墓碑,一個一個的,墓碑林,雜草叢生,看著生怕。
“不對。”我說。
“是不對,這不是天街,林家史上記載,當年林家壯士三千,全部戰死,這是三千墓碑林,離開。”李嫿緊張。
我們馬上返回去,出去。
“這事不對,你說林家是大,但是這個碑林園可是埋著三千人,肯定很大,可是在外麵看不到,就林家,我用無人機也是看過,根本就看不到這個位置。”我說。

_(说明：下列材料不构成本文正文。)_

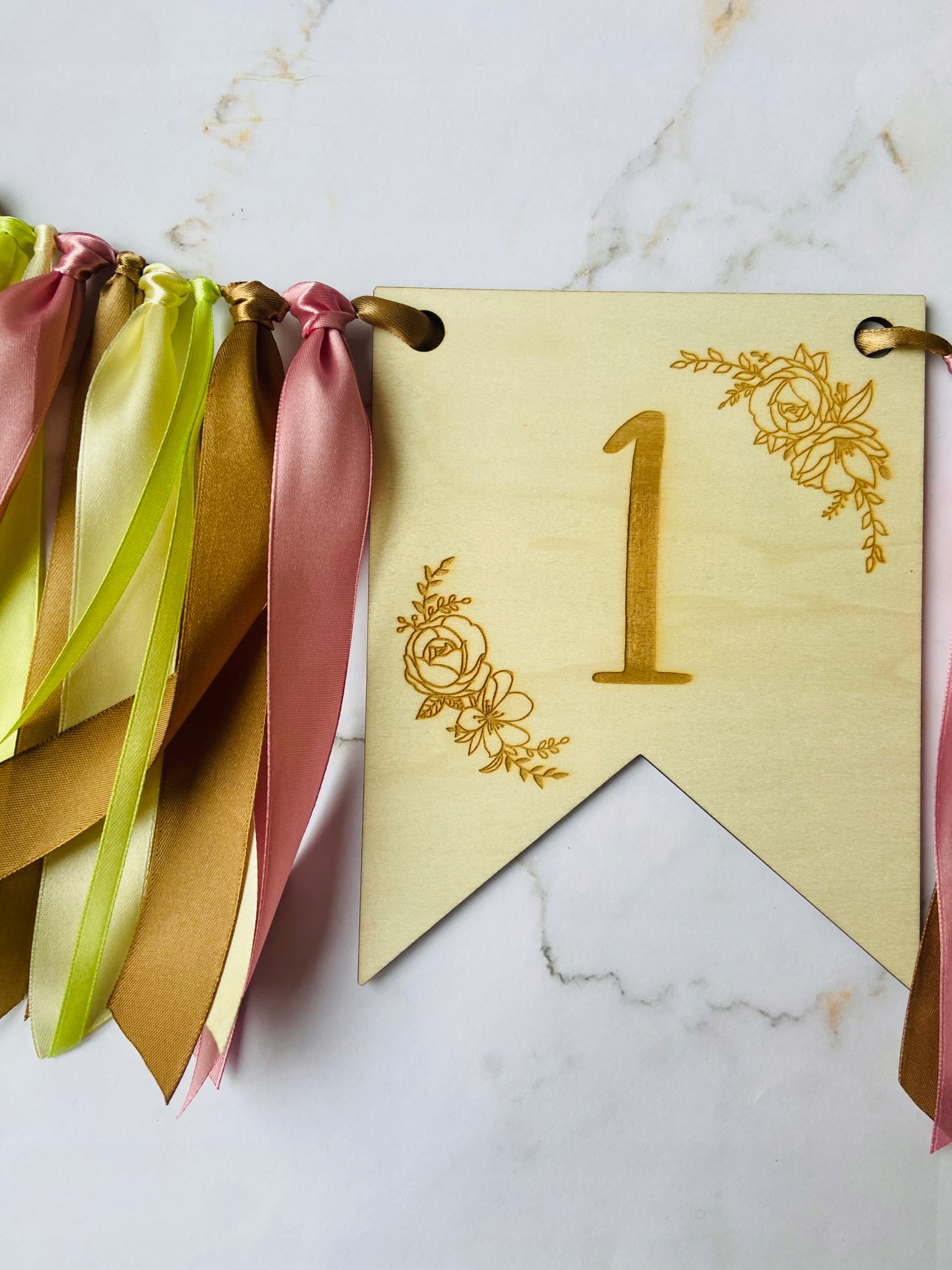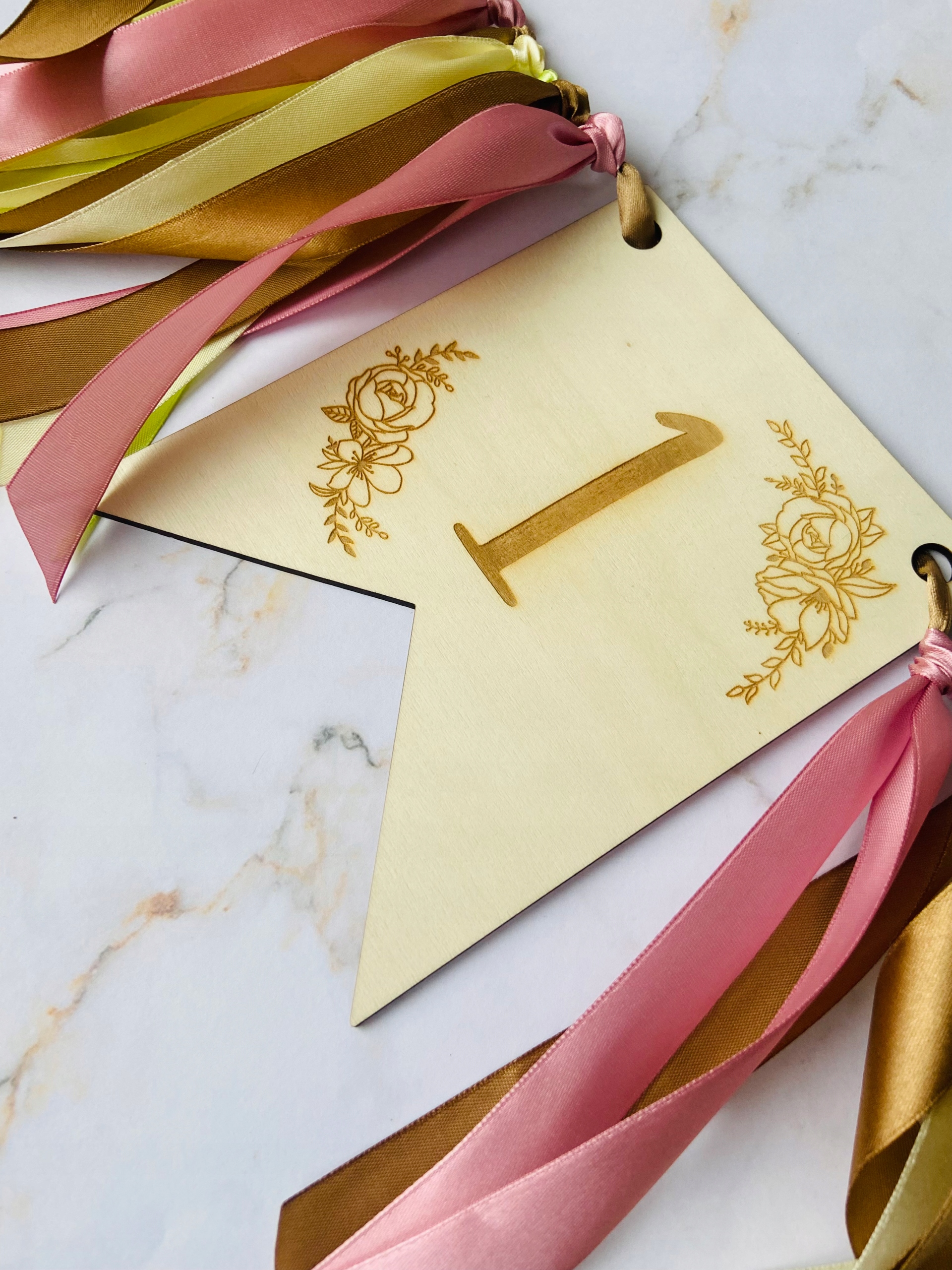 Вымпел на стул с любым номером и разноцветными лентами с розовым оттенком - из деревянной фанеры с цветочным узором. Любое число на выбор. Размеры вымпела 14 х 17,5 см. Наши деревянные вымпелы по размеру точно такие же, как и бумажные :)
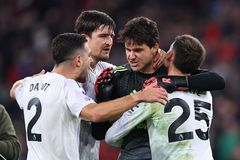 United komst í 1-0 snemma leiks með marki Bryan Mbeumo. Mac Allister lá þá óvígur á grasinu eftir árekstur við liðsfélaga sinn, Virgil van Dijk. Mac Allister þurfti svo að klára leikinn með eins konar sundhettu á höfðinu, eftir skurðinn sem hann fékk, og Slot segir ljóst að dómarinn hefði átt að stöðva leikinn vegna meiðslanna. Ummæli hans á blaðamannafundi má sjá hér að neðan. „Við hefðum átt að gera mun betur eftir að Macca var kominn í grasið. En heilsa leikmanna er mikilvæg og ef það þarf að sauma fjögur spor í leikmann þá auðvitað vonast maður til þess að allir skilji að það þarf strax að hlúa að honum. Það gerðist ekki,“ segir Slot og bætir við: „En ég ítreka að við hefðum getað gert betur og þetta er ekki ástæðan fyrir því að við töpuðum í dag. Ástæðan er sú að það voru allt of mörg færi sem við nýttum ekki.“ Mörkin úr 2-1 sigri United, og þar á meðal þegar Mac Allister meiðist, má sjá hér að neðan. Slot er vel meðvitaður um að stundum þykjast leikmenn hafa meitt sig í höfðinu, til að nýta sér það að dómurum er uppálagt að stöðva leik þegar um höfuðmeiðsli er að ræða. Hvorki afsökun fyrir markinu né tapinu „Ég vona bara að allir skilji að við erum ekki svona lið, eins og ég sé mikið um í fótbolta, þar sem menn þykjast hafa meitt sig í höfðinu til að stöðva skyndisókn. Þannig erum við ekki. Við leggjumst aldrei niður og erum alltaf heiðarlegir. Svo ef að okkar leikmaður fer niður þá myndi maður vona að allir hugsi: Þetta er Liverpool, þeir gera ekki svona lagað, blásum í flautuna. En ég endurtek að þetta er ekki afsökun fyrir því að við skyldum fá á okkur mark og ekki afsökun fyrir því að við töpuðum,“ segir Slot.

“我們走,馬上走。”李嫿是真害怕了,手心冒汗了,不是剛進來時候的樣子。
出來,上車,李嫿的頭發簾都是濕的了。
回去,李嫿說,拿無人機,再看看。
拿了無人機,返回去,我們看著,沒有那個地方。
李嫿看了我半天:“回去。”
我和李嫿回去,開始看圖,圖上標的三個X的位置,我們進去的是一個。
“沒找對地方。”李嫿說。
“現在不是找不找對地方的事情,那地方是通道過去的,可是怎麽存在的?在上麵看不到那個位置,如果是地下,那也不對,分明的就是外麵,太陽,樹木,一切都是外麵。”我說。
李嫿冒汗也是在這地方。
“去瘦山那兒。”我說。
買了不少的菜和酒。
去樊溏找瘦山。
瘦山自己在煮麵。
李嫿把菜擺上,酒倒上。
“這酒我不敢喝,有毒。”瘦山說。
“師父,我敢給您下毒嗎?”我笑了一下。
“是毒酒,為師也得喝。”瘦山笑起來說。
坐下,喝酒,樊宜進來了。
我勒個去,你爺爺的。
“死瘸子,帶著小二來玩了?”樊宜說。
“小三,你也來了,一起呀!”李嫿說。
“你真不要臉。”樊宜氣走了。
“師父,見笑。”
“你們的事情我不管,說你的事兒。”
我說了,本來舉起杯的瘦山,把杯放下了。
“這酒毒性不小,喝下去,基本沒救。”瘦山說。
“師父。”
“唉,我離開林家的原因,也是在這兒,你當我是怕什麽呢?有一些事情不知道,能長命百歲,有一些事情知道了,夭折青年。”這話說得讓人有點害怕。
“師父指點。”我說。
“唉,天師路難行呀!”瘦山說。
“師父,您這是……”
“行了,不說天師,你們去的地方看著和我們的世界一樣的,其實,並不然,在外麵看,根本就沒有這個地方,不過就是一道牆,牆的後麵就是一個花園罷了,那花園不開,封死了,說林家最早時候的一個太太吊死在裏麵了,確實是有,但是這隻是一個掩蓋。”瘦山說。
我和李嫿聽著,不敢插嘴。
瘦山說,那地方是魂鑄就的一個地方,魂可成間,成世界,那地方你們進去了,也算是有緣分了,不過下次不要再去了。
這話聽著,和次空間是一樣的嗎?
我問了,瘦山說,是不一樣的,人如果修行到一定程度都有自己的空間,那些大徹大悟的人,就有了自己的空間,在自己的空間裏活著,那是一個幸福的空間,外麵的人永遠也理解不了。
“還有兩個地方呢?”我問。
“你呀,不開竅,既然想知道,就自己去,西為死,東為天,北為地。”瘦山說。
“謝謝師父。”我說。
“唉,命數,天師之路難行,你們走吧,我自己喝點。”瘦山說。
我和李嫿出來,回去,去古街喝啤酒。
李嫿看著我:“東為天,天街。”
我點頭,瘦山這樣說,應該是。
但是我想了一下說:“西是天。”
“什麽意思?”李嫿問我。
我說了,李嫿愣了半天,是懷疑的。